Вот уже съедено все, подобраны крошки развалившихся картофелин. Коля, Антось и Франка сидят неподвижно, не сводя глаз с еды, поставленной на нашем конце стола. Они еще не сыты.
— Что же ты не ешь? — радушно спрашивает Зоя, показывая на мою тарелку, полную еды, к которой я еще не притронулась.
— Не хочется…
Мне в самом деле больше не хочется. Расхотелось. Смутное чувство подавило мой голод. Я еще не умею ни назвать, ни понять, что это — стыд. Мне стыдно есть перед голодными…
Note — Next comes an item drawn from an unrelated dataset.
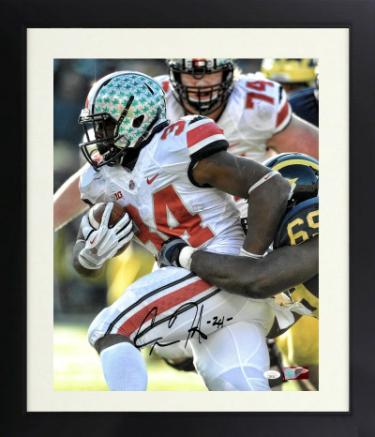 Carlos Hyde enrolled at Ohio State in January 2010. Hyde played primarily as a backup running back in his first two seasons before breaking out in his junior season with 970 yards and 16 rushing touchdowns in less than 10 games after missing two because of an ankle issue. He was named second-team all-Big Ten that year. On October 5, Hyde ran for his 1st 100 yard and multi-touchdown game of the season when he ran for 168 yards and 3 touchdowns when the Buckeyes played Northwestern. Carlos ran for a season high of 246 yards and 4 touchdowns against Illinois on November 16. He was a first-team All-Big Ten selection, and a third-team All-American by the Associated Press. Carlos Hyde has hand signed this Ohio State Buckeyes NCAA Licensed 16x20 Photo #34. New, Custom Black Frame with White Mat. JSA Authentication Sticker & JSA Certificate of Authenticity
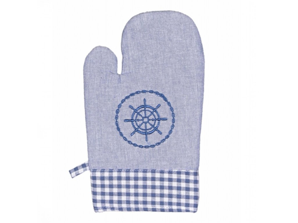 Kuchyňská chňapka laděná do jemné modré barvy. Dodá Vaší kuchyni svěžest. Rozměr chňapky je 18x28 cm. Ve stejném vzoru najdete v nabídce i zástěru a utěrky.Vhodná pro muže i ženy.

— Можно, — шепчу я Зое, — я отдам им то, что у меня на тарелке?
— Почему ты у Зойки спрашиваешь? — запальчиво говорит Рита. — Она здесь не хозяйка!
Но, не дожидаясь ответа, я ставлю свою тарелку с едой перед Антосем — пусть он разделит между всеми остальными.
— Я отдам им пирожки? — полувопросительно говорит Зоя.
— Конечно! — пожимает плечами Рита. — С мясом же…
Пирожки мгновенно исчезают, как весенний снег, растаявший на солнце.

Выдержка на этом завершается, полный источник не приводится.